Formation of new blood vessels (angiogenesis) in response to hypoxia is a fundamental event in the process of tumor growth and metastatic dissemination. However, abnormalities in tumor neovasculature often induce increased interstitial pressure (IP) and further reduce oxygenation (pO2) of tumor cells. In radiotherapy, well-oxygenated tumors favor treatment. Antiangiogenic drugs may lower IP in the tumor, improving perfusion, pO2 and drug uptake, by reducing the number of malfunctioning vessels in the tissue. This study aims to create a model for quantifying the effects of altered pO2-distribution due to antiangiogenic treatment in combination with radionuclide therapy.

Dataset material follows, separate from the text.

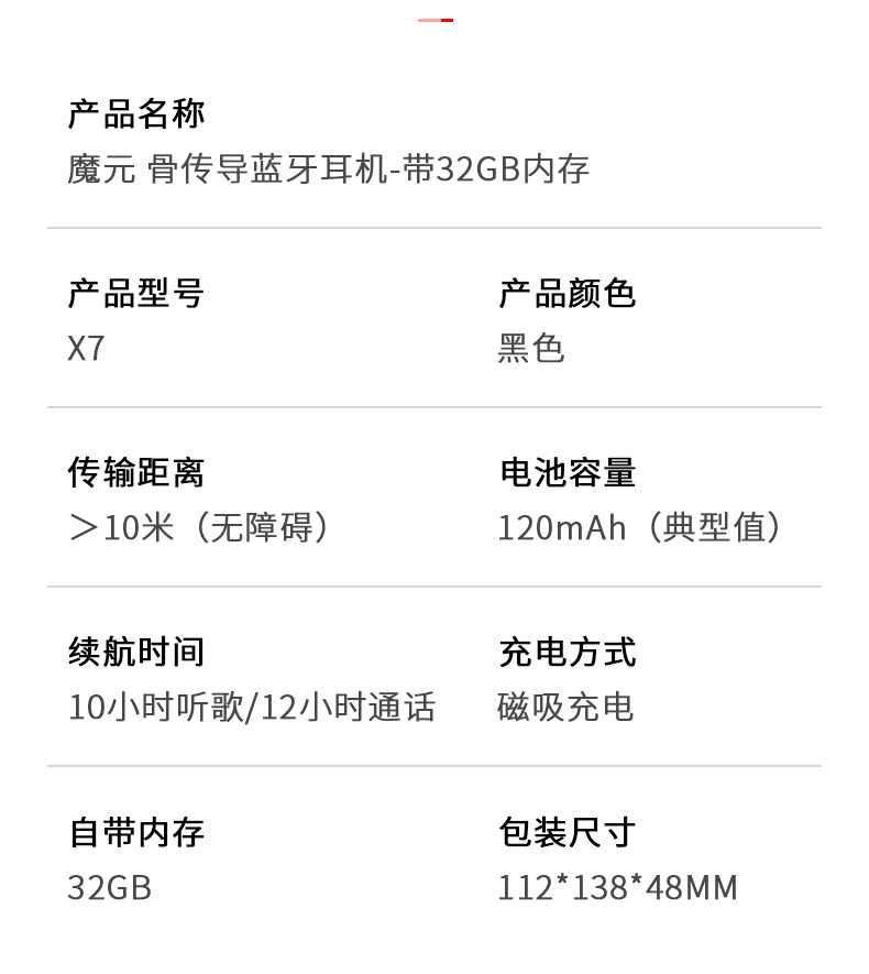 商品名称:MOYEEO/魔元带32GB内存骨传导蓝牙耳机X7

Based on experimental data, describing the effects of antiangiogenic agents on oxygenation of GlioblastomaMultiforme (GBM), a single cell based 3D model, including 10(10) tumor cells, was developed, showing how radionuclide therapy response improves as tumor oxygenation approaches normal tissue levels. The nuclides studied were 90Y, 131I, 177Lu, and 211At. The absorbed dose levels required for a tumor control probability (TCP) of 0.990 are compared for three different log-normal pO2-distributions: micro1 = 2.483, sigma1 = 0.711; micro2 = 2.946, sigma2 = 0.689; micro3 = 3.689, and sigma3 = 0.330. The normal tissue absorbed doses will, in turn, depend on this. These distributions were chosen to represent the expected oxygen levels in an untreated hypoxic tumor, a hypoxic tumor treated with an anti-VEGF agent, and in normal, fully-oxygenated tissue, respectively. The former two are fitted to experimental data. The geometric oxygen distributions are simulated using two different patterns: one Monte Carlo based and one radially increasing, while keeping the log-normal volumetric distributions intact. Oxygen and activity are distributed, according to the same pattern.

As tumor pO2 approaches normal tissue levels, the therapeutic effect is improved so that the normal tissue absorbed doses can be decreased by more than 95%, while retaining TCP, in the most favorable scenario and by up to about 80% with oxygen levels previously achieved in vivo, when the least favourable oxygenation case is used as starting point. The major difference occurs in poorly oxygenated cells. This is also where the pO2-dependence of the oxygen enhancement ratio is maximal.

Improved tumor oxygenation together with increased radionuclide uptake show great potential for optimising treatment strategies, leaving room for successive treatments, or lowering absorbed dose to normal tissues, due to increased tumor response. Further studies of the concomitant use of antiangiogenic drugs and radionuclide therapy therefore appear merited.